→ Required work
From the listing below, copy only the lines from the line that contains "Avise aos seus" to the line that contains "湄江的地質(zhì)奇觀令人", counting those two lines as part of the copy.

(Dataset records Opens)

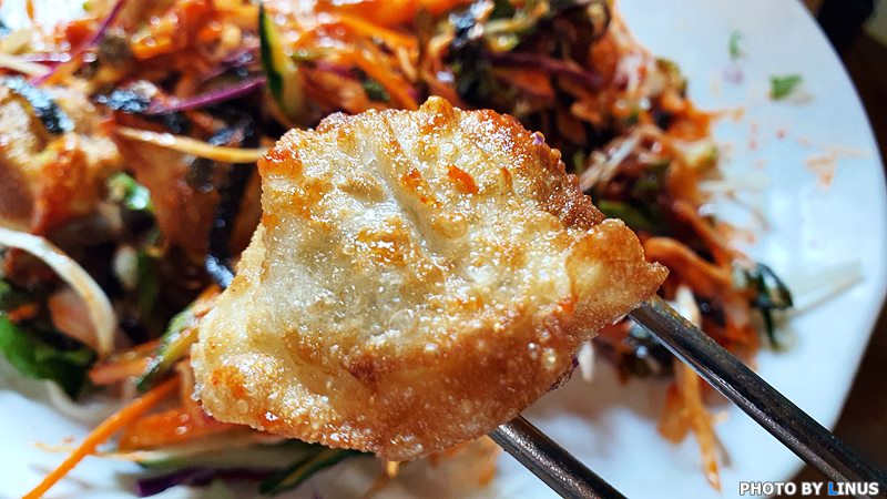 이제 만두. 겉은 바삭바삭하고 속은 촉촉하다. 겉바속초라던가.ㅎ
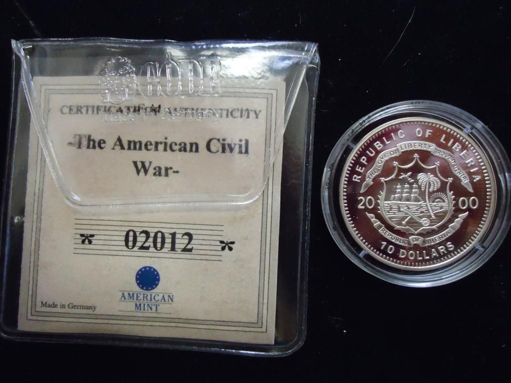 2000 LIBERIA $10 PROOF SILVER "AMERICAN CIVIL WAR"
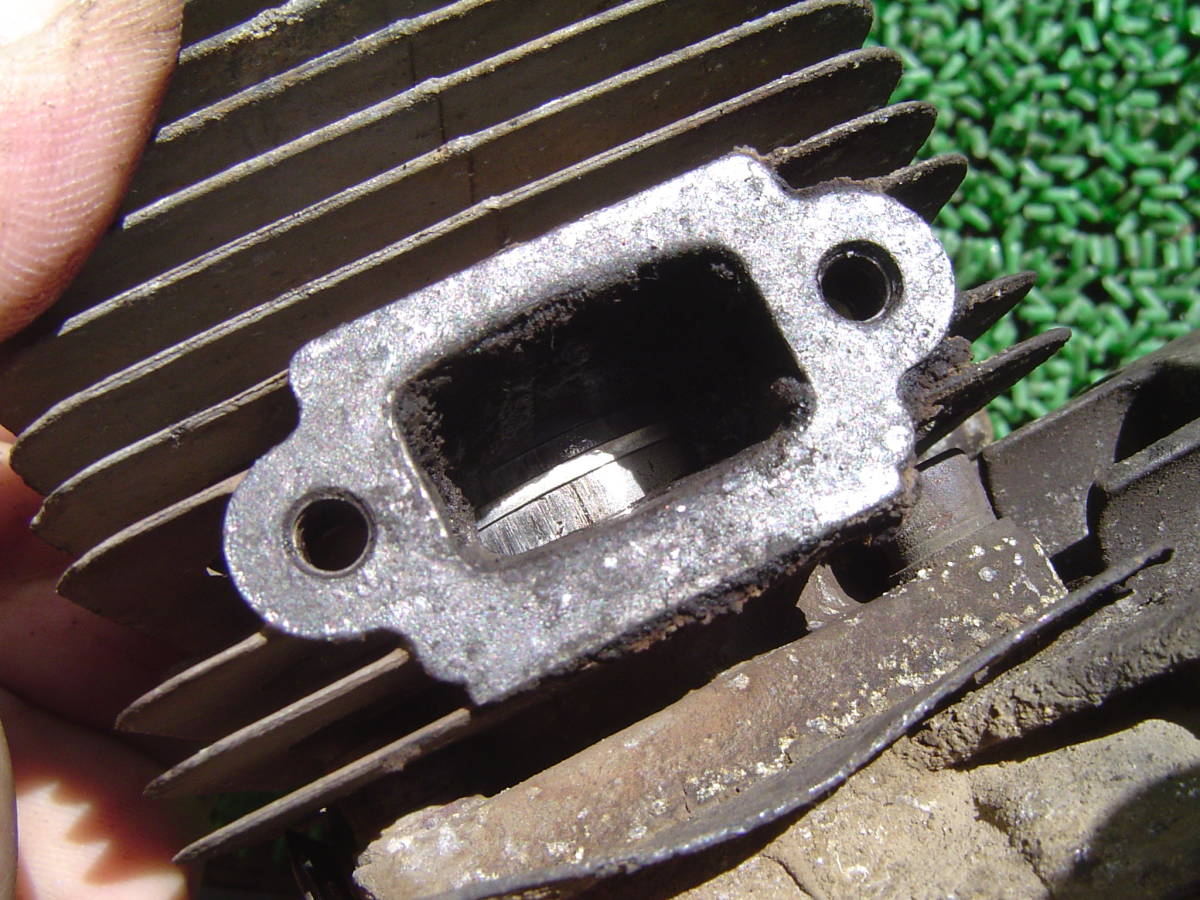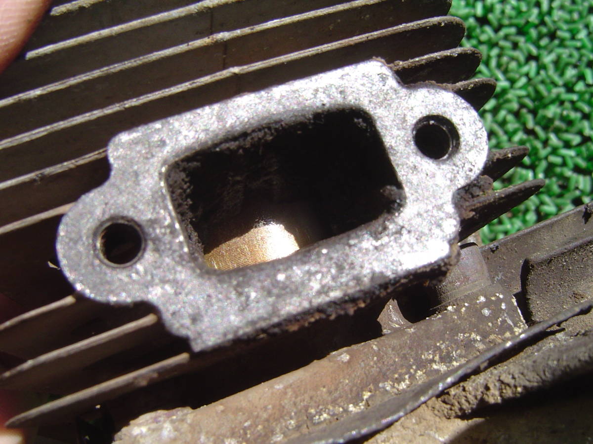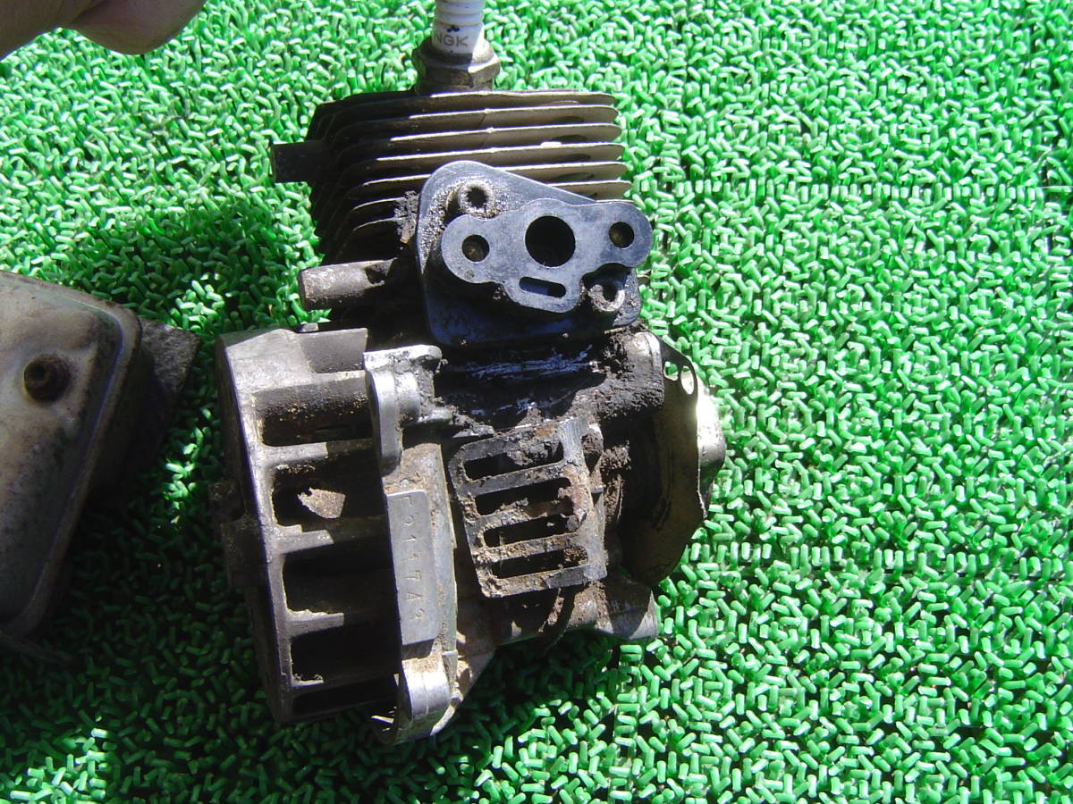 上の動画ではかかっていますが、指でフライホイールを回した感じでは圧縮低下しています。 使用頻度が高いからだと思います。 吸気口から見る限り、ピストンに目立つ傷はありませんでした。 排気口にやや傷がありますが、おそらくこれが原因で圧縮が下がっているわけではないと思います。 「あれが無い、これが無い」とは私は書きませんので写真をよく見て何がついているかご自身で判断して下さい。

(Dataset records Closes)
(Dataset records Opens)

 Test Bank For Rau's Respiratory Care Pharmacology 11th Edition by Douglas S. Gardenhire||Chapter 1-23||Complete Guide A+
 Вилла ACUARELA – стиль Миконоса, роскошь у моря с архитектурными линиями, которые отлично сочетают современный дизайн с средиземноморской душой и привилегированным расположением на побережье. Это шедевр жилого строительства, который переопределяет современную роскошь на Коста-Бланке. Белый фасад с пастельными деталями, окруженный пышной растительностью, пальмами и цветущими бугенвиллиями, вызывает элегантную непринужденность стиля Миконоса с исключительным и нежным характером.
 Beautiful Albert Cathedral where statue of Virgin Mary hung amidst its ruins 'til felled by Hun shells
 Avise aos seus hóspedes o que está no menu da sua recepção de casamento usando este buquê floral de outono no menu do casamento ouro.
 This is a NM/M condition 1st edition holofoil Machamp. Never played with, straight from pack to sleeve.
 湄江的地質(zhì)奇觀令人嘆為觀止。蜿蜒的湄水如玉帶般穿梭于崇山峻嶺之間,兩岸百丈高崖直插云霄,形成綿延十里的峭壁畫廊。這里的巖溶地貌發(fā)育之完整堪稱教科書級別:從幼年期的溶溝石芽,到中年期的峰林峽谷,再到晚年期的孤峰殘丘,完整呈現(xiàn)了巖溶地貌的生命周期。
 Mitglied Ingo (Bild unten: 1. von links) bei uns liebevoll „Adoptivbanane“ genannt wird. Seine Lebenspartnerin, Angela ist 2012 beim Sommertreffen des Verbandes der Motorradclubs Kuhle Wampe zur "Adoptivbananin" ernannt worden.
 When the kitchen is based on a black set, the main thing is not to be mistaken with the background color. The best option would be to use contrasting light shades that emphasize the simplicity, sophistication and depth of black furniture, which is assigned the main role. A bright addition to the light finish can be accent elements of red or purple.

(Dataset records Closes)

→ Solved problem
 Avise aos seus hóspedes o que está no menu da sua recepção de casamento usando este buquê floral de outono no menu do casamento ouro.
 This is a NM/M condition 1st edition holofoil Machamp. Never played with, straight from pack to sleeve.
 湄江的地質(zhì)奇觀令人嘆為觀止。蜿蜒的湄水如玉帶般穿梭于崇山峻嶺之間,兩岸百丈高崖直插云霄,形成綿延十里的峭壁畫廊。這里的巖溶地貌發(fā)育之完整堪稱教科書級別:從幼年期的溶溝石芽,到中年期的峰林峽谷,再到晚年期的孤峰殘丘,完整呈現(xiàn)了巖溶地貌的生命周期。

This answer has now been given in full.